Every day’s a school day: Lessons learned through a global pandemic – Why physical activity is more important than ever
Over the past year we have all learned lessons, we have all experienced life very differently and, in some cases, we have realised what we have taken for granted. In the past it became military to agree that exercise is good for us, it was a habit that we would speak about, but over the last year we have been able to treat it with the respect it deserves.
A global pandemic has forced us to evaluate the existence of physical activity in our lives. At one point, it was the nation’s lifeline. That one walk, run or cycle a day was what we looked forward to, it was what our day was focussed around, and it was what made us happy. It became a priority and a social outlet when we could meet with ‘one other person for exercise’, we valued and cherished the freedom of the outdoors.
In a flash, online learning took off, the content that schools were providing for pupils at home to make sure they could continue their learning journey, was incredible. At ECS we produced a full and balanced curriculum through a screen, something no one ever thought was possible.

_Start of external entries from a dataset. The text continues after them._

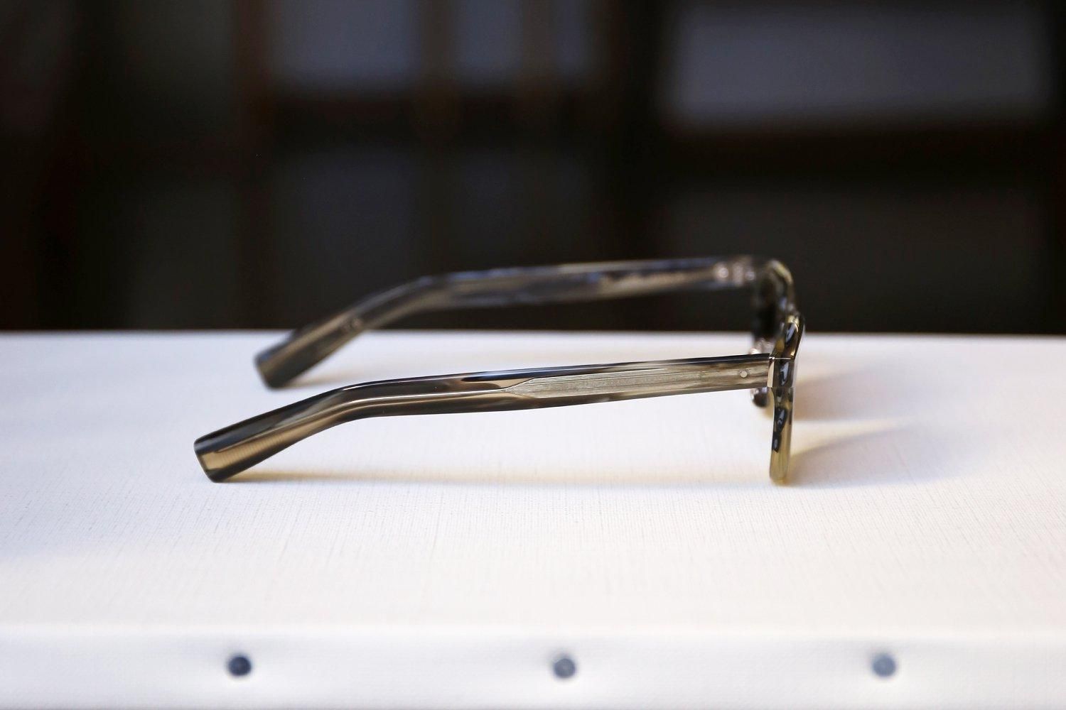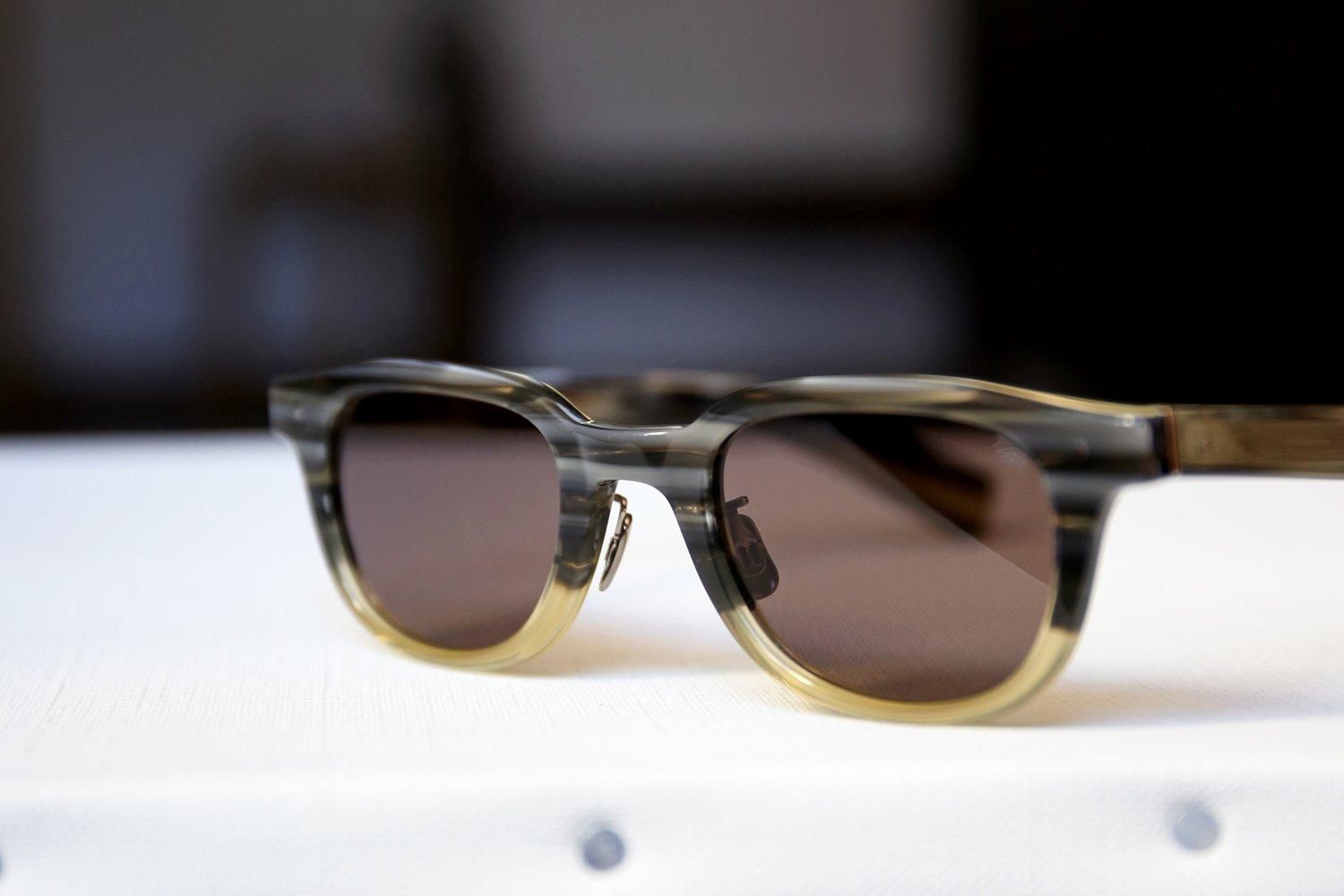 プラスチックフロント、テンプルをメタル丁番と一緒に磨き上げ、合口を綺麗に合わせたあとで丁番を低温メッキするという伝統的かつレアな技法を用いており、
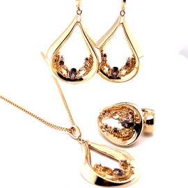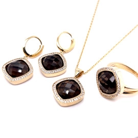 Комплект от “Jacklin hugasian” в жълто злато с опушен топаз и циркони.
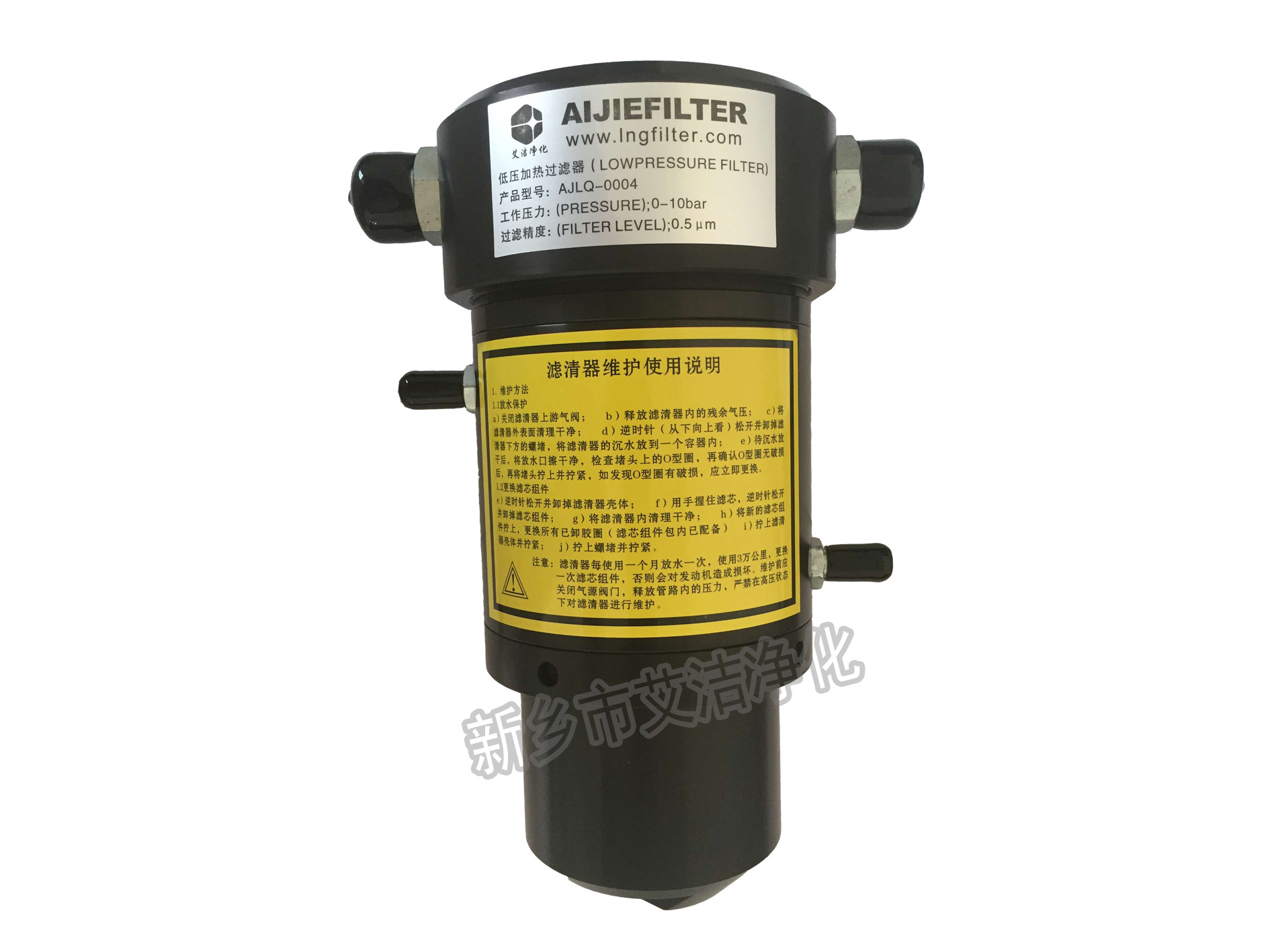 AJLQ-0004低壓天然氣濾清器是天然氣濾清器的一種,主要由一級(jí)旋風(fēng)分離器、二級(jí)慣性除沫器預(yù)濾和凝聚、三級(jí)精濾芯凝聚、排污閥等組成,夾帶液體和固體顆粒的天然氣,由進(jìn)氣管以切線方向進(jìn)入一級(jí)旋風(fēng)分離器。經(jīng)過(guò)旋風(fēng)分離,較大的液滴和固體顆粒被分離出來(lái)。然后,經(jīng)過(guò)二級(jí)除沫器,氣體通過(guò)慣性碰撞作用下,氣、液、過(guò)進(jìn)一步分離。氣體中顆粒較大的塵埃被濾除,對(duì)后級(jí)精濾芯起保護(hù)作用。氣體通過(guò)精濾芯(第三級(jí)精濾),粒徑大于0.3~0.6微米(或更細(xì))的固體顆粒被濾除;并凝聚成較大的液滴,在重力作用下,沉降到精濾管底部。分離出來(lái)的液體由各排污口排出,經(jīng)處理的天然氣由過(guò)濾器頂端的出氣口輸出。

With the help of Joe Wicks, Oti Mabuse and many other celebrities, suddenly schools were realising that children learning through a screen was doable with many subjects, but what the children really needed was to step away from the screen. They needed to breathe in fresh air and experience all the lovely benefits on the body that exercise has to offer. Suddenly physical activity lessons became a priority in the curriculum, this was more than just PE lessons or Games lessons, this was an outlet, it was needed for children, it was a lifeline in lockdown.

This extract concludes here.